I e-mailed Michelle yesterday to give me an update on how she is feeling and this is what she sent back:
well recovery is definitely the most trying part so far.. maybe because this is the most "with it" i have been since i was told i had cancer.. I try to stay positive everyday but I basically feel like i can never get enough sleep and i eat like a bird its frustrating! i love food but im just either never hungry or nauseated. The Dr. said these are all common signs of withdrawls from pain medicine! So luckily its nothing too bad but he isnt too concerned with getting me off pain medication completely yet because i still have one more surgery left in about a month. OK that was all so negative! The cancer is still in REMISSION!! (: and i am completely D O N E with chemo and these terrible neupogen shots that hurt soooo bad i know sounds pathetic but they were the worst i always hoped my mom would forget to give them to me.. she didnt!
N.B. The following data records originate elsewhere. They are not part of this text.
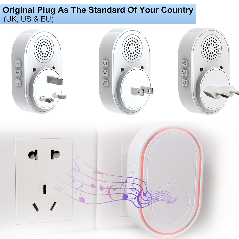 - AT HOME, with local alarm / notice voice and LED flicker notification, 5 levels volume can be adjust, 58 songs optional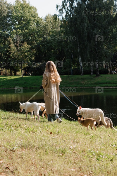Медсестра гуляет с собаками в парке у озера. концепция дружбы, питомца, отдыха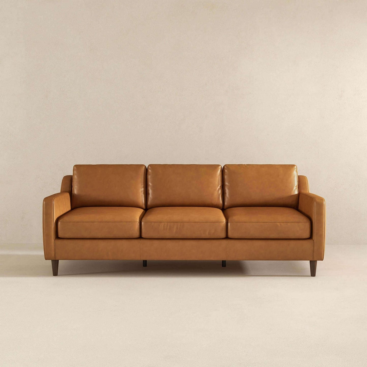 Anchor your space in mid-century modern style with the Cooper Tan Leather sofa. Combining durable, top-quality craftmanship and high-density foam this sofa will provide you with great comfort and undoubtedly become the centerpiece of your living room, den, urban loft, condo or home office. It is made of Genuine Leather and can be cleaned with a non-abrasive cleaning solution followed by a quick microfiber cloth. Removable legs allow for simple delivery for tight spaces. Available in a variety of timeless colors, you're sure to find something that matches your decor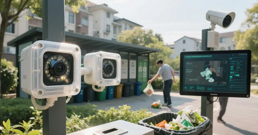 针对上述问题,传统手段难以突破管理瓶颈:人工督导需投入大量人力,与生科院教学科研任务繁重的现状矛盾;单纯的宣传教育对短期行为矫正效果有限;普通监控摄像头仅能记录画面,无法识别分类行为是否合规。垃圾分类摄像头通过 AI 智能识别技术,可自动判断投放行为的规范性,实时预警违规操作,为垃圾管理提供 “智能眼睛” 和 “数据大脑”,成为破解管理难题的关键技术支撑。
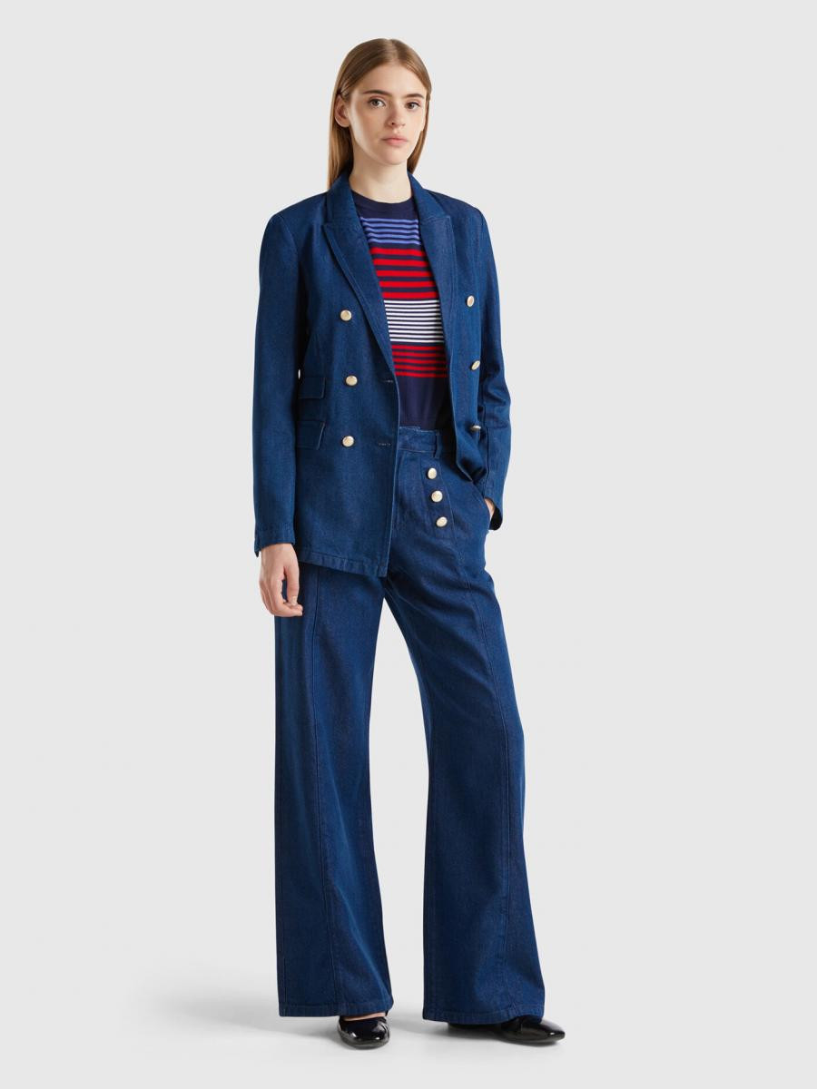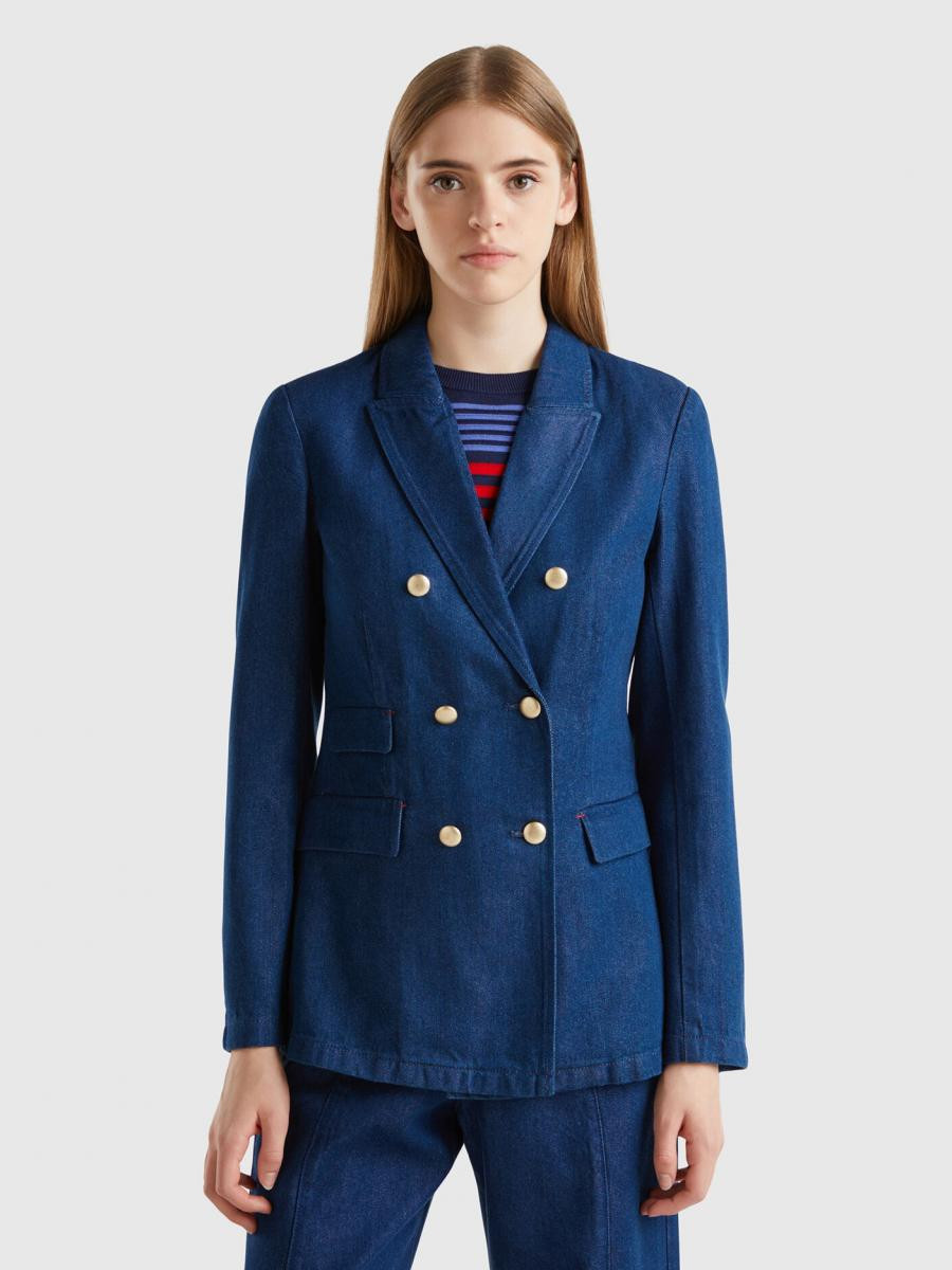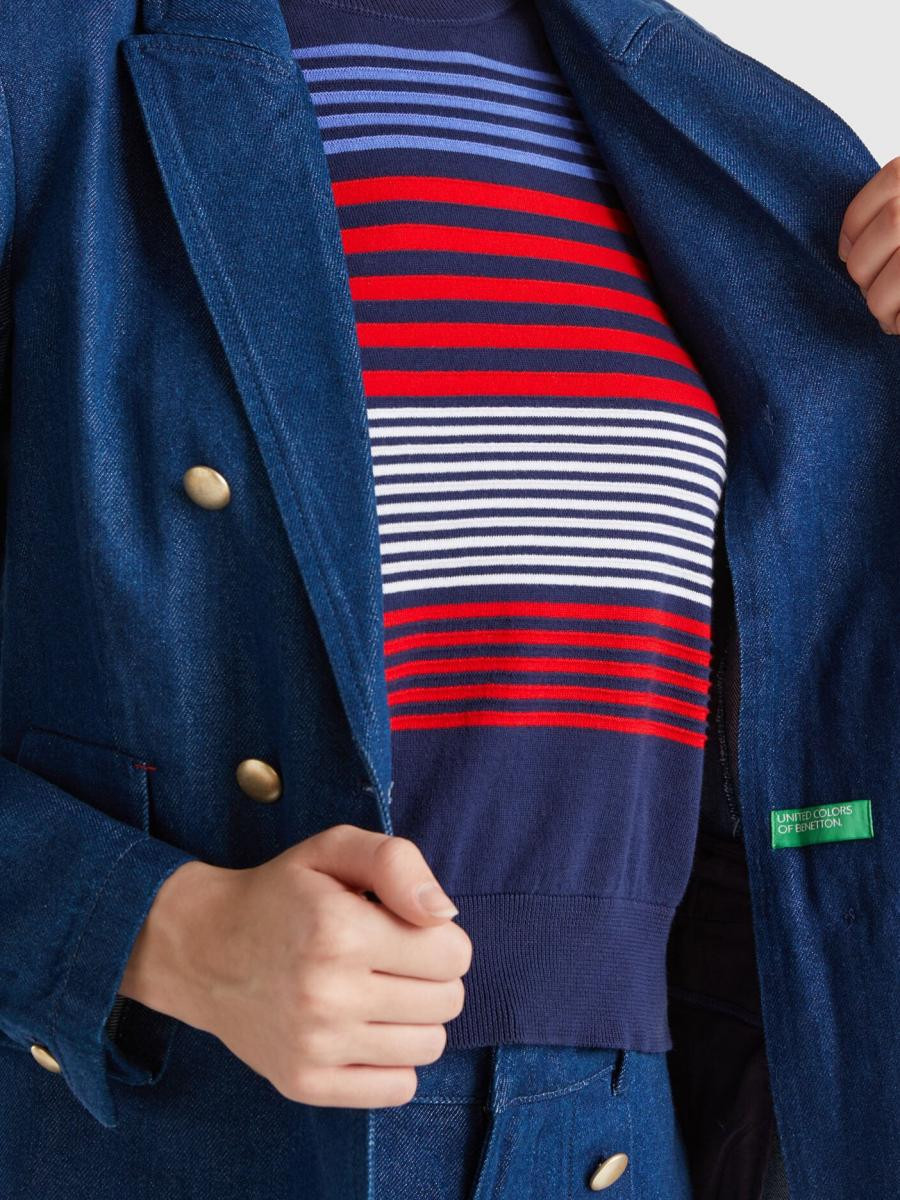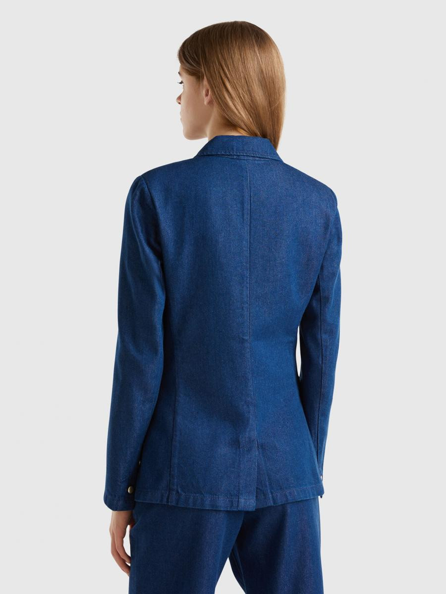 Benetton ženski lepršavi sako sa dugim rukavima. Vrat sa šiljastim reverima i džepovima sa preklopom na prednjoj strani. Napravljen od mešavine pamuka i viskoze, proizveden od drveta iz sertifikovanih šuma i poštujući najviše ekološke standarde.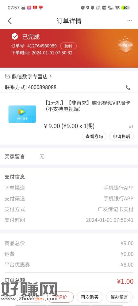 1元购实物或者腾讯视频周卡

Everyday i feel a little more like myself.. still no hair.. but the dr said about 6 weeks it will be coming back. until them i rock my wig! seriously after seeing how many people supported,wrote me,prayed, and everything else that was given to me.. i am already so excited to give back! i look up different organizations for ovarian cancer daily.. My dad has been a huge "coach" i like to say to me.. he has helped me turn this into a positive experience and that i can do things to help people going through similar situations i hope one day i can make someone feel as special as i have felt through this whole trial.. its truly been a blessing in disguise!
the fact that she is in remission is amazing but still keep her in your thoughts and prayers.